The GPU is also emerging as a powerful computational resource in grid environments, where distributed resources are virtually collected into an integrated system. For example, the Folding@home project [4] demonstrates that 70% of the entire performance is provided by idle GPUs, which account for only 10% of all resources available in the system. Thus, exploiting the GPU is useful to obtain higher performance with a less number of host machines in grid systems. In this paper, we denote hosts as users who donate their resources to the grid system. On the other hand, guests are grid users who submit jobs to the system.

One problem in GPU-accelerated grid systems [5], [6] is the lack of efficient multitasking mechanisms. For example, the frame rate of graphics applications and the throughput of scientific applications can significantly drop when they are simultaneously executed on the same GPU [7], [8]. This is due to the current GPU architecture, which (1) allows only a single kernel to run at a time and (2) switches the running kernel only when it completes its execution. Therefore, the frame rate will significantly drop if the guest kernel occupies the resources for long time.

To avoid this problem, current systems [4], [5] use screensavers capable of detecting fully idle GPUs for acceleration of guest applications. In other words, both guest and host applications are exclusively executed in the systems, where idle resources are typically dedicated to guest applications. In contrast to these dedicated systems, we are focusing on non-dedicated systems, which have a true resource sharing mechanism to harness the power of GPUs in the home and office. For example, such mechanisms allow us to run guest applications on lightly loaded GPUs, where host users operate their machines for office work with almost no workload on the GPU.

Our main goal is to achieve true resource sharing between hosts and guests for GPU-accelerated grid systems. To achieve this, we are developing a cooperative multitasking method capable of simultaneous execution of a graphics application and a CUDA-based scientific application. Using this method, screensavers are not needed to ensure exclusive execution of guest and host applications. Instead, hosts who accept scientific jobs from guests should specify the minimum frame rate they need.
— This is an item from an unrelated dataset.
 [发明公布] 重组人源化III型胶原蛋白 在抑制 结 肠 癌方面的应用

According to this requirement, the proposed method divides the workload of scientific applications such that each kernel can complete its execution within the desired period. The method assumes that guest applications are implemented using CUDA while host applications are implemented using a periodical rendering model with graphics libraries such as DirectX [9] and OpenGL [10].
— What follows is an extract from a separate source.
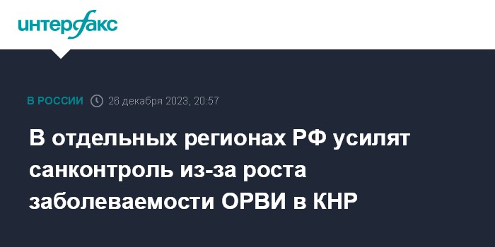 Москва. 26 декабря. INTERFAX.RU - Роспотребнадзор усилил меры санитарно-карантинного контроля в населенных пунктах, в которых есть транспортное сообщение с Китаем, из-за роста заболеваемости респираторными инфекциями в КНР, сообщила глава ведомства Анна Попова.

The rest of this paper is organized as follows. Section II presents preliminaries including an overview of CUDA and the periodical rendering model. Section III then describes the details of our multitasking method and Section IV shows experimental results. Finally, Section V summarizes the paper with future work.

II. PRELIMINARIES

This section presents preliminaries needed to understand our method.
A. Compute Unified Device Architecture (CUDA)

CUDA [3] is a flexible development framework for the NVIDIA GPU. Since it is based on an extension of the C language, it allows us to easily implement GPU-accelerated applications, which consist of kernels and CPU code. CUDA-based kernels typically generate millions of threads on the GPU, which then accelerate heavy computation by SIMD instructions on multiprocessors (MPs). Currently, the number $M$ of MPs ranges from 16 to 30 depending on the GPU.

Figure 1 illustrates an overview of the hierarchical thread structure in CUDA. In CUDA programs, threads are classified into thousands of groups, each called as thread blocks (TBs). Threads belonging to the same TB are allowed to synchronize each other, so that such threads can share data using fast on-chip memory, called shared memory. On the other hand, data dependencies between different TBs are not allowed in the kernel. Therefore, we have to separate the kernel into multiple pieces to deal with such dependencies. Separated kernels are then serially executed with global synchronization.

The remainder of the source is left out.